Governance, Values & America’s Next Top Model
A few days after Netflix dropped the trailer for the America’s Next Top Model documentary, I made the mistake of showing up to give a guest lecture on democratic systems resiliency to public policy students wearing a tan trench coat.
The students dragged me.
Thanks a lot, Tyra.
So I pivoted. We ended up talking about pop culture and politics instead. I was genuinely curious — most of them weren’t even alive when America’s Next Top Model first aired. Why the excitement? Where is the energy coming from?
Many first encountered the cultural fossil of Top Model during the pandemic when the world stopped, routines broke, and we collectively untethered from so many toxic norms: long commutes, girlboss maximalism, $20 salads, grind-as-identity.
Before that rupture, interrogating toxicity at scale required too much friction. Who has the time? Who has the money? Who cares?
And so the show went on and on and on.
The pandemic created a cultural record-scratch moment. We suddenly had the time. We had (for some, briefly) the money. And we very much cared. We looked at ourselves through the mirror of culture and what we saw was more than embarrassing — it was racist, abusive, extractive, and wildly meme-able.
Top Model wasn’t just a show that didn’t age well. It was a product of an unregulated, un-unionized era of reality television — competitive loathing disguised as opportunity. A machine optimized to exploit dreamers surviving a culture that constantly told them they were not enough.
Of course, with the awareness we carry in 2026, there’s an appetite for accountability.
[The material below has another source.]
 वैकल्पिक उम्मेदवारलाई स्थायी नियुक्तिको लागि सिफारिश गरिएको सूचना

I’m not surprised by the backlash.
I’m surprised by the timing.
“Look at who is the President," I pointed out.
The room went quiet.
But my curiosity remains.
Because even in the heyday of Top Model, better options were always there. They just required something our overscheduled, under-resourced, overbooked culture rarely had space for:
Effort.
Bethann Hardison is the person Tyra Banks wishes she could be.
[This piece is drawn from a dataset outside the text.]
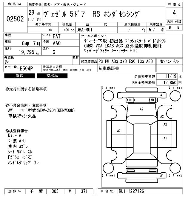 HONDA VEZEL - лот 2502

Hardison has mentored Black models since the 1960s, radically reshaping high fashion. At the 1973 Battle of Versailles, American designers cast ten Black models, unprecedented at the time, that included Hardison and shifted the global fashion imagination. In the 1980s, she launched her own model management firm. She fiercely advocated for workplace protections and diverse representation, elevating the careers of Naomi Campbell, Iman, Tyson Beckford and so many others.
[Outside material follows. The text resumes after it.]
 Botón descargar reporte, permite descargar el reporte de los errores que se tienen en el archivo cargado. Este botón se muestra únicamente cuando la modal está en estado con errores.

Her success was not linear. In the 1990s, when runways became less diverse and casting calls brazenly read “No Blacks, no ethnics,” Hardison organized and pushed back. She did it again in the early 2000s. And again in 2013. And again today.
The documentary Invisible Beauty is an extraordinary celebration of her life’s work — and a palate cleanser after the chaos of Top Model.
Bethann Hardison was always there.
Better was always there.
But better required friction. Better required looking closer. Better required choosing something that didn’t scream for attention but stood quietly for dignity.
Better required effort.
So if this matters so much — if governance and culture are downstream from the values we normalize — why don’t we choose better more often?
This week, I lived this dissonance when a cascade of small disasters turned what should have been a five-hour journey home into a 30-hour odyssey. One of those disasters was Trump administration's suspension of Global Entry. I stood in a four-hour customs line, exhausted, watching the elderly and children around me meltdown under fluorescent lights.
I took out my phone, recorded the chaos, and shouted to no one and everyone “We could have just voted for a woman!”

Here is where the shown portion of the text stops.